ABOUT THIS EXERCISE: From the entries below, return exactly the lines beginning at the one that contains "Green & Pink" and ending at the one that contains "This charming art", both of them included, and only those lines.

SOURCE INFORMATION:

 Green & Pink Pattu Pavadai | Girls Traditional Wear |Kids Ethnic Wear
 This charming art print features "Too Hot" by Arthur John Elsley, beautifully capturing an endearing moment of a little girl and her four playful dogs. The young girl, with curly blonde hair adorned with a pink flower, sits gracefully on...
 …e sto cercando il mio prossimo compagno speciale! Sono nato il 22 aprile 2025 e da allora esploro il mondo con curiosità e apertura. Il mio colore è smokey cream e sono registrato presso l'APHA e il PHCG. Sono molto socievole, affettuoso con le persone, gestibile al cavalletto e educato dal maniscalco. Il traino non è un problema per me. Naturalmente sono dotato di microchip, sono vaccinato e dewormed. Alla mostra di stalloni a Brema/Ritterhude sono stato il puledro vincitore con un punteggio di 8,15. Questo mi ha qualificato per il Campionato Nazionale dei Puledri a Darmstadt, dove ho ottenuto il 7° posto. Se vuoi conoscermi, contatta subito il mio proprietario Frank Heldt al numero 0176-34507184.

==

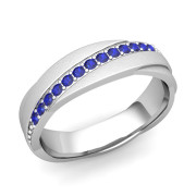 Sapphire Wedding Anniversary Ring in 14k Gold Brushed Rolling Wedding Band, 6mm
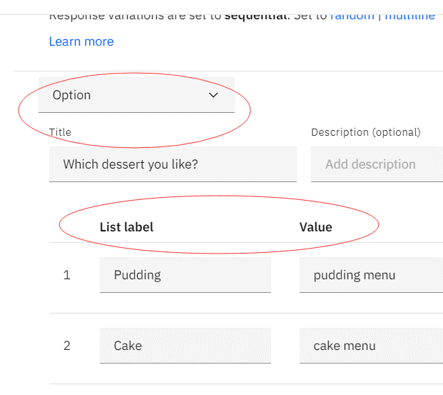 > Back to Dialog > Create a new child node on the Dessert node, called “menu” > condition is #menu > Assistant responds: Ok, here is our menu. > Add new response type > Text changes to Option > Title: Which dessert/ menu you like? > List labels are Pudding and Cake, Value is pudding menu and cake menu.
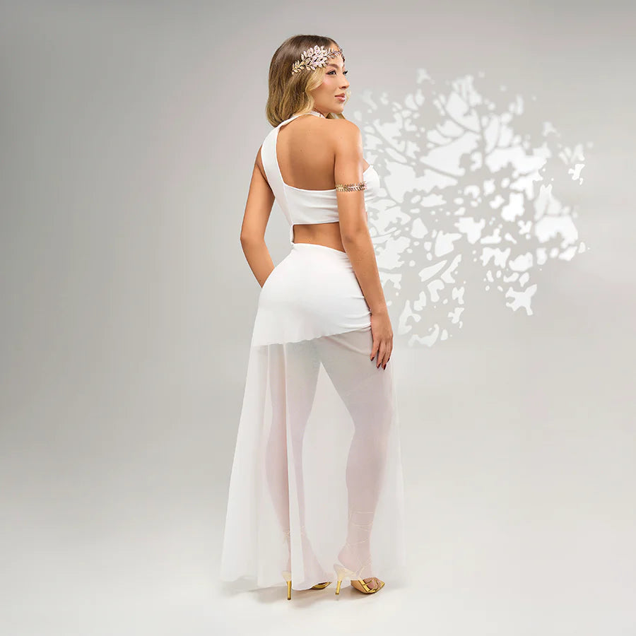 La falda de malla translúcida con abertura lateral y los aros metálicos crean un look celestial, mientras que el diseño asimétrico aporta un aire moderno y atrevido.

==

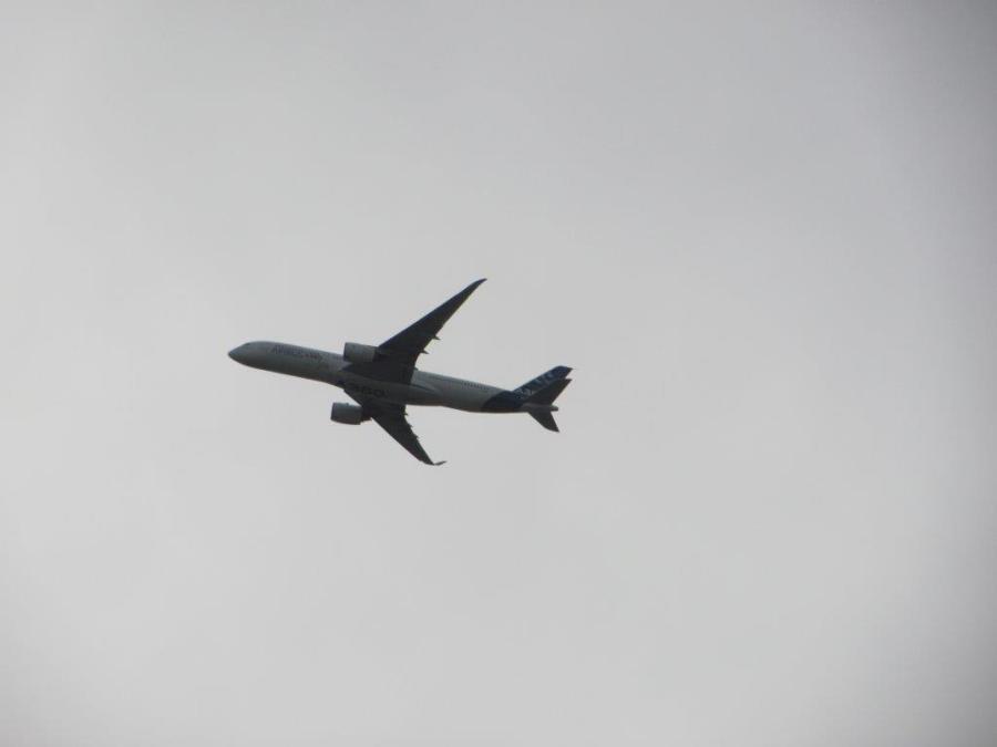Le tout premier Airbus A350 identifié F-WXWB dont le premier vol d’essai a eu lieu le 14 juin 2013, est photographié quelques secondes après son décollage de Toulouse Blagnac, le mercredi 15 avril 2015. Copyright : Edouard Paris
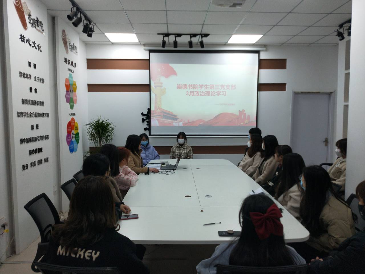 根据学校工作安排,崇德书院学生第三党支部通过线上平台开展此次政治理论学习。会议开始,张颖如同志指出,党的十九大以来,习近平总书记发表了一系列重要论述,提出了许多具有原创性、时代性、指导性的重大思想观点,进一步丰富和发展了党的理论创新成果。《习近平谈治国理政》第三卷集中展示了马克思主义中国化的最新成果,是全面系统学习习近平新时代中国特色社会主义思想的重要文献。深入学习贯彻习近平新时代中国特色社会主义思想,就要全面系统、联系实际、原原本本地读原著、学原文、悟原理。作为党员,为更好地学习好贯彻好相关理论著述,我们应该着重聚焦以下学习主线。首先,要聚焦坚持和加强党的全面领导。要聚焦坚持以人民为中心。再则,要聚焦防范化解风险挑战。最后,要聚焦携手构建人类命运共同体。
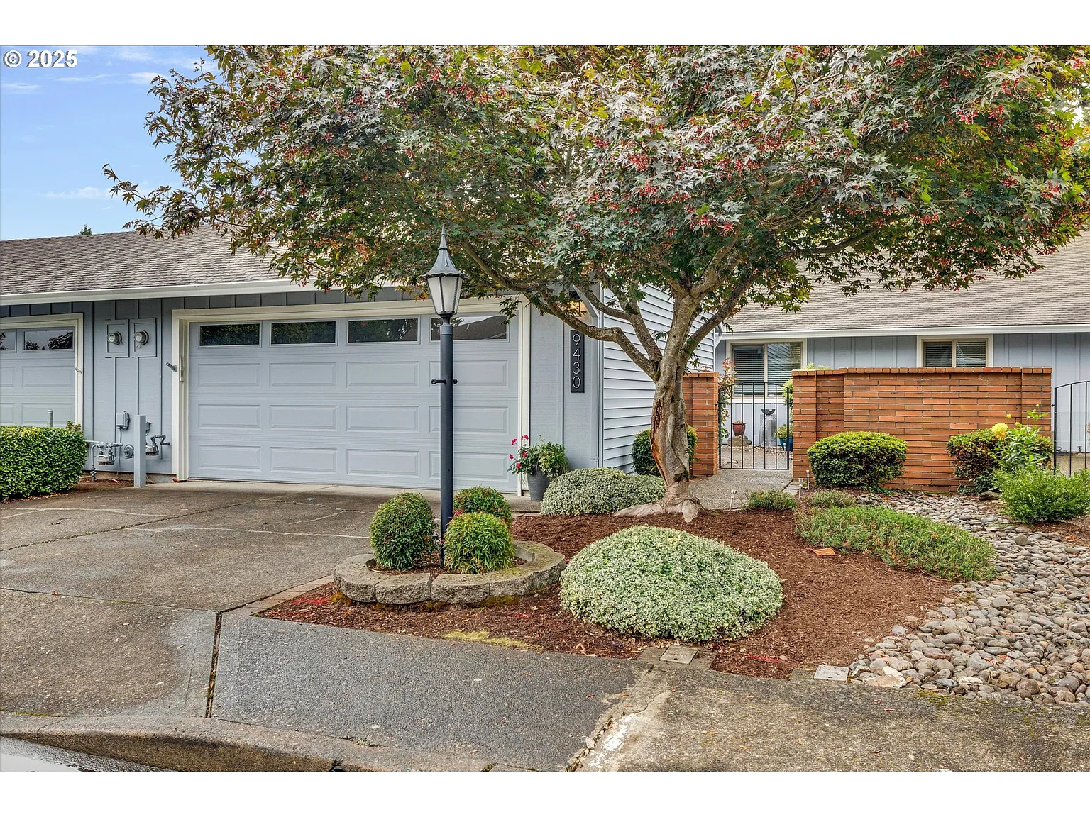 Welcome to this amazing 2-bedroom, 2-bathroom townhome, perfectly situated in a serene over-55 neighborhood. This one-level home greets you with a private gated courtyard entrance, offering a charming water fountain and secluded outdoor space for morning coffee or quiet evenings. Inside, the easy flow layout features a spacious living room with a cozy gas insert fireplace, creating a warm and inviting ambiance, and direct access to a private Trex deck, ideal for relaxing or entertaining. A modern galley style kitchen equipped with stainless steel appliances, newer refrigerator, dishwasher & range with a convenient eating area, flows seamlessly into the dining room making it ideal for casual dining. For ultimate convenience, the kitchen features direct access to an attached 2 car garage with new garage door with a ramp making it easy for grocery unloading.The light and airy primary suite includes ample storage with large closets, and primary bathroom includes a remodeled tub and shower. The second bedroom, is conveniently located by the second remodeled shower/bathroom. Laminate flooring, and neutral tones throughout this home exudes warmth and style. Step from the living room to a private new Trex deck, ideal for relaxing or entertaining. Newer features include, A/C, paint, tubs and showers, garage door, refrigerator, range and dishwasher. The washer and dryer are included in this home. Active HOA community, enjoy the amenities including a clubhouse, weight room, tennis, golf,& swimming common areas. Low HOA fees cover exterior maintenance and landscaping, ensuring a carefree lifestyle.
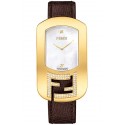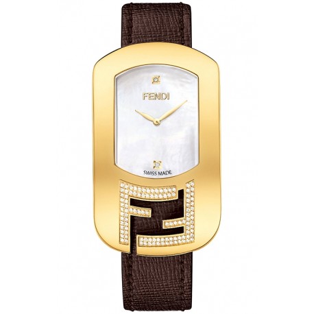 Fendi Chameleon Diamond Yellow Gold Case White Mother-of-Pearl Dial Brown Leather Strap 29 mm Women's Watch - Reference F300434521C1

RESPONSE BELOW:
 Green & Pink Pattu Pavadai | Girls Traditional Wear |Kids Ethnic Wear
 This charming art print features "Too Hot" by Arthur John Elsley, beautifully capturing an endearing moment of a little girl and her four playful dogs. The young girl, with curly blonde hair adorned with a pink flower, sits gracefully on...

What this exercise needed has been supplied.